AIを試した組織が活用を広げられない理由
AIを試すことと実際の業務に定着させることは違います。トウモロコシ種子普及の研究とジェフリー・ムーアのキャズム理論を通じて、次のユーザーが求める根拠を見ていきます。
社会AIを試すことと業務に定着させること
AIを一度使ってみることと、毎日の業務を任せることは別の判断です。試すときは回答がどれだけもっともらしいかを見ればよいのですが、実際の業務では誰が誤りを確認し、コストがどれだけかかるのかまで検討しなければなりません。
この違いを考えるうえで参考になる研究があります。1940年代にアメリカ・アイオワ州の農家が新しいトウモロコシ品種を受け入れていく過程を調べた研究と、技術製品が初期顧客を超えて広がっていく過程を扱ったキャズム理論です。
まずAI調査で何が問われたのかを見てみましょう。マッキンゼーの2025年調査では、回答者の88%が所属組織が少なくとも1つの業務でAIを定期的に使っていると答えました。 組織レベルでAI活用の拡大を始めたという回答は約3分の1でした。マッキンゼー調査
デロイトの2026年調査では、回答者の25%が所属組織のAI実験のうち40%以上を実際の運用に移したと答えました。
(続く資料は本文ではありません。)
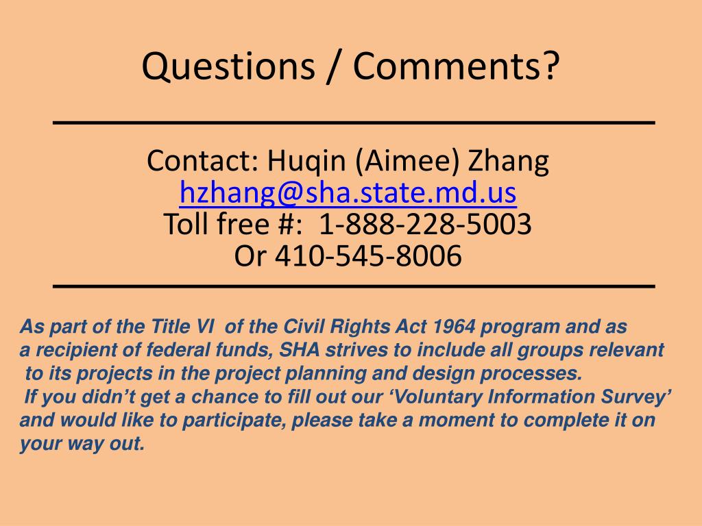 Questions / Comments? Contact: Huqin (Aimee) Zhanghzhang@sha.state.md.us Toll free #: 1-888-228-5003 Or 410-545-8006 As part of the Title VI of the Civil Rights Act 1964 program and as a recipient of federal funds, SHA strives to include all groups relevant to its projects in the project planning and design processes. If you didn’t get a chance to fill out our ‘Voluntary Information Survey’ and would like to participate, please take a moment to complete it on your way out.

ここでの40%は企業の割合ではなく、各組織で運用に移したプロジェクトの割合です。PwCの2026年CEO調査では、56%が直近12ヶ月間でAIによる売上増加とコスト削減の両方を経験していないと答えました。業務スピードや従業員満足度まで含めて何の効果もなかったという意味ではありません。デロイト調査、PwC調査
それぞれ異なる対象に異なる質問をした調査なので、数字を単純に引き算してAIの失敗率を算出することはできません。ただし、導入の有無と活用範囲、財務成果を別々に確認すべきだという点は示しています。私はこのうち活用を広げる問題を、ジェフリー・ムーアの『Crossing the Chasm』と結びつけて考えてみたいと思います。
農家はどのような根拠で種子を変えたのか
キャズム(chasm)とは、初期顧客の支持を得た技術製品が、より広い顧客層へ拡散する際に困難を抱える区間を指します。その背景には、新しい技術が人々の間に広がっていく過程を研究したイノベーション普及理論があります。
1941年、アイオワ州立大学の社会学者**ブライス・ライアン(Bryce Ryan)と大学院生ニール・グロス(Neal C. Gross)**は、2つの農村地域で交雑トウモロコシ種子の普及過程を調査しました。当時、農家は収穫量と栽培性能が改善された新しい種子に触れていましたが、導入の時期はまちまちでした。
ロジャースがまとめた研究過程によると、グロスは農家345人を面談し、研究の条件に合う259人の回答を分析しました。このうち257人が1928年から1941年の間に新しい種子を採用しました。種子を最初に知ったきっかけとしては販売員が、導入を決心する際に影響を与えたきっかけとしては近隣の農家がよく挙げられました。新しい種子の利点を聞くことと、自分の畑に植えると決めることの間には、他人の経験が介在していたわけです。

キャズム理論の概念図です。アイオワの農家の実際の調査数値を描いたグラフではありません。
1943年に発表されたこの論文1は、以後のイノベーション普及研究の重要な出発点になりました。**エベレット・ロジャース(Everett Rogers)**は関連する研究を総合し、1962年に『Diffusion of Innovations(イノベーションの普及)』を出版しました。ロジャースは、新しいものを相対的にいつ受け入れるかによって、採用者を5つの集団に分けました。
- 革新者(Innovators)、2.5%: 新しい技術を最も早く試す集団です。
- 初期採用者(Early Adopters)、13.5%: 比較的早い時期に受け入れ、周囲の人の判断にも影響を与える集団です。
- 前期多数派(Early Majority)、34%: 平均より早い時期に導入しますが、他のユーザーの経験を慎重に検討する集団です。
- 後期多数派(Late Majority)、34%: 周囲に広く普及し、導入の不確実性が減った後に受け入れる集団です。
- 遅滞者(Laggards)、16%: その技術を最も遅く導入する集団です。
この比率は、導入時期を正規分布に従って区分した理論上の分類です。すべての市場で同じ比率になるわけではなく、また一人の人がすべての技術について同じ集団に属するわけでもありません。時間の経過とともに累積採用者数を描くと、多くの場合S字カーブが現れます。上図のように時期ごとの採用者を分けた釣鐘型の曲線とは縦軸が異なります。
このモデルを技術製品のマーケティングに適用したムーアは、特に初期採用者と前期多数派の違いに注目しました。最初に購入した顧客が気に入った理由だけでは、次の顧客を説得するのは難しいというのです。